21 July 2005 | Anusha Bradley
The Treasury's decision to axe a plan to replace fuel duty for trucks with a road-pricing scheme is good news for purchasers, according to freight procurement specialists.
The announcement was made this month, and reverses plans that would have equalised tax levels for UK and overseas trucks operating in Britain.
Freight Traders, which buys freight services on behalf of firms including Unilever and Corus, said haulage prices would have risen if the scheme had gone ahead.
Garry Mansell, managing director, said: "In my view, the solution was like taking a sledgehammer to crack a walnut."
He said instead of using costly technology, drivers should self-declare the miles they drive.
Geoff Roberts, director at procurement consultancy ADR International, which has several freight operators and freight-buying clients, said: "This is good news for buyers because they will not now be under pressure to accept this stealth tax." He added many haulage operators were looking at ways to pass the extra tax onto customers as a fuel surcharge.

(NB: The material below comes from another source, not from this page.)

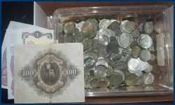 1 kr -1942 (40 st), 1 kr -1968 (44 st), 5 kr (19 st), 50 öre nyare (21 st), 25 öre nyare (23 st) samt 10 öre (75 st). I botten av lådan även ca 6 kg blandade mest svenska mynt samt kuvert med några 5/10 kr sedlar (80 kr).

"With all other increases such as fuel and labour, this is one less element to worry about."
The pilot scheme, involving 440,000 lorries, was set to begin in 2008.
Testing of potential tracking and charging technology was completed last month and a shortlist of suppliers had been finalised for three major deals.
The Treasury dismissed reports it rejected the scheme because of estimates that it could cost up to £2 billion to introduce.
A spokesman said the government wanted a "single, comprehensive cost-effective system, rather than two reasonably compatible systems [one for lorries, and one for other vehicles]".
It is now expected to be part of a national road-pricing scheme scheduled to start in 2015.
Both the Treasury and potential suppliers insisted efforts had not been wasted because the technology could be applied to the national scheme.